宇田川 その後、自分でMEIJI ALLY WEEKを立ち上げるわけですけど。

 

松岡 大学でお世話になっている先生のジェンダー論の授業でゲストスピーカーをしたことがあるんです。その時にアライについて話したらリアクションペーパーの9割くらいに「アライになりたい」って書かれていた。困っている人がいたら味方でありたいって思っている人がとくに若い世代には多いんだと気付いた。せっかくそういう気持ちがあるんだったらSNSで可視化してもらおうと思ってはじめたんです。

 

宇田川 プライド叢書はセクシュアル・マイノリティ自身が情報発信していくことを目的としているけど、同時にアライの人たちに参加してもらうこともとても重要だと思っているんですよ。そして本を読んでアライになってもらうことも。

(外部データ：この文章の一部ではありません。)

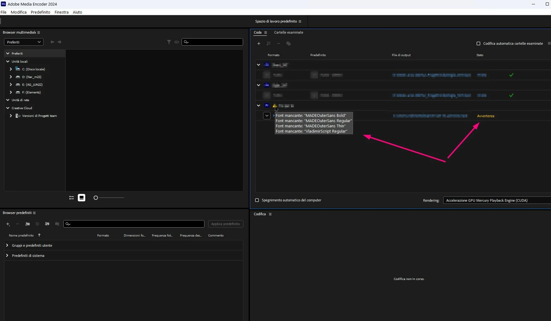 Premiere (Media encoder) reporting 'fonts not found' during export
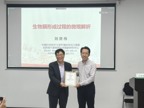 近日,应香港AV 特聘教授戴家银、长聘教轨副教授盛南邀请,中国科学技术大学环境科学与工程系和合肥微尺度物质科学国家研究中心教授刘贤伟做客192期环境讲坛,在绿色环境楼200会议室与交大师生进行学术交流,带来题为“生物膜形成过程的微观解析”的精彩报告。此次报告由盛南主持。
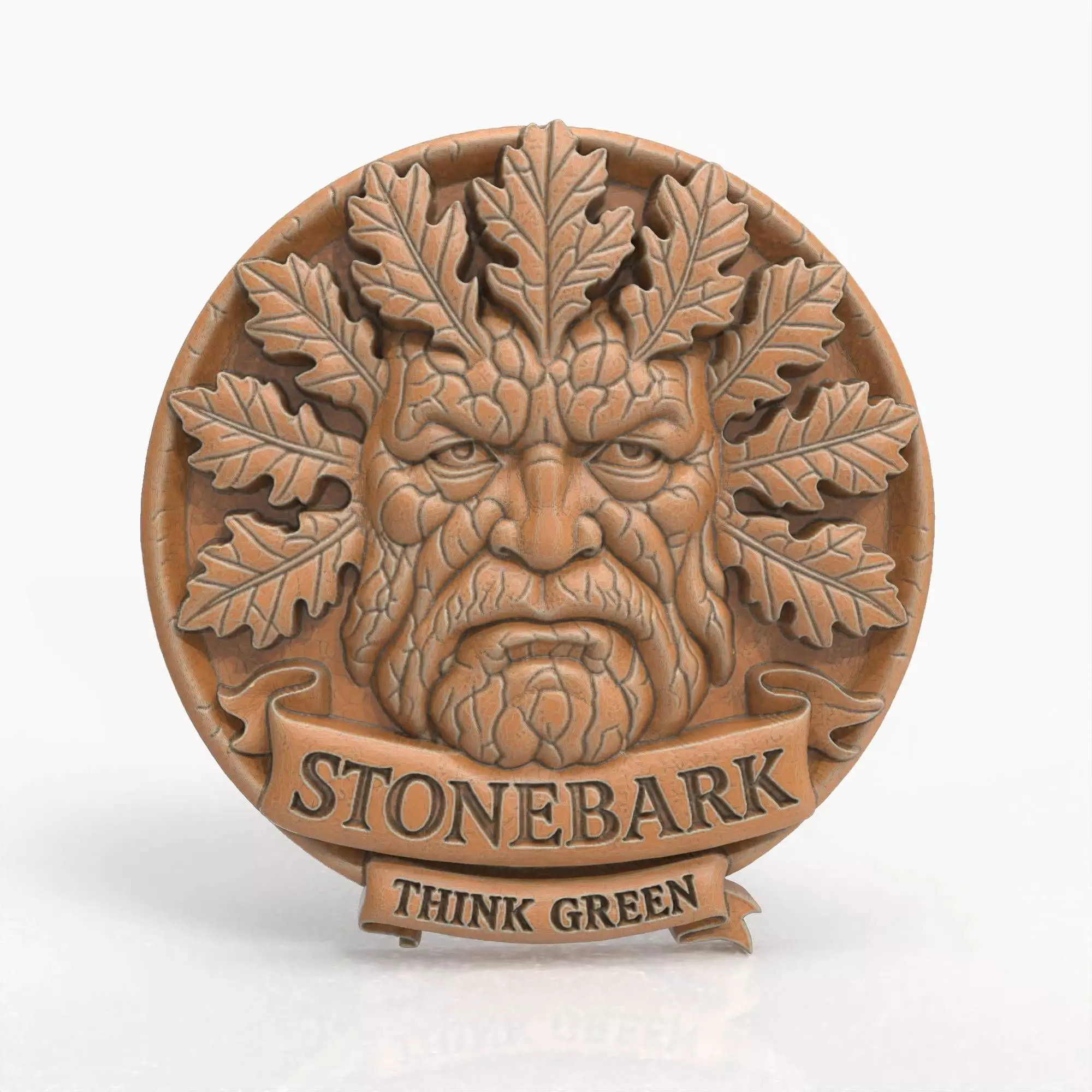This sculpted high-relief Green Man medallion, titled Stonebark, embodies the elemental power of earth. With cracked bark textures, oak leaf framing, and a bold grounded expression, this round carving features a CNC-optimized design and includes a stylized scroll banner. Ideal for woodworking, CNC projects, or fantasy-inspired decor.

社会の偏ったイメージを変えていくために。

 

松岡 学校教育でも様々なセクシュアリティの人がいることを教えられて、LGBTであることが特別なイメージではなくなればいいですよね。

 

宇田川 今、悩んでいる10代の子たちにアドバイスはありますか?

 

松岡 僕自身は笑いにすることで乗り越えてきた面がありますけど、今はそれがいいとは思えないですね。誰か1人でも自分らしさを受け止めてくれる人がいたら救われると思うんです。そして、どこかには受け止めてくれる人が必ずいるはずなんです。それは家族とか友だちとか近い関係ではないとしても。だから絶対に諦めないでほしいですね。


 

「学校ではいろいろなセクシュアリティの人がいることを教えられない。男らしさや女らしさといった規範を押し付けられてしまう。そういう固定観念がなくなってLGBTであることも完全にフラットなイメージになればいいですね。そういう社会にしていくためにもプライド叢書にがんばってほしい」

 

松岡宗嗣(まつおか・そうし) 愛知県名古屋市出身。明治大学政治経済学部4年。オープンリーゲイの大学生としてLGBTへの理解を広げるNPOなどで活動。その後、アライを増やす日本初のキャンペーンMEIJI ALLY WEEKを立ち上げる。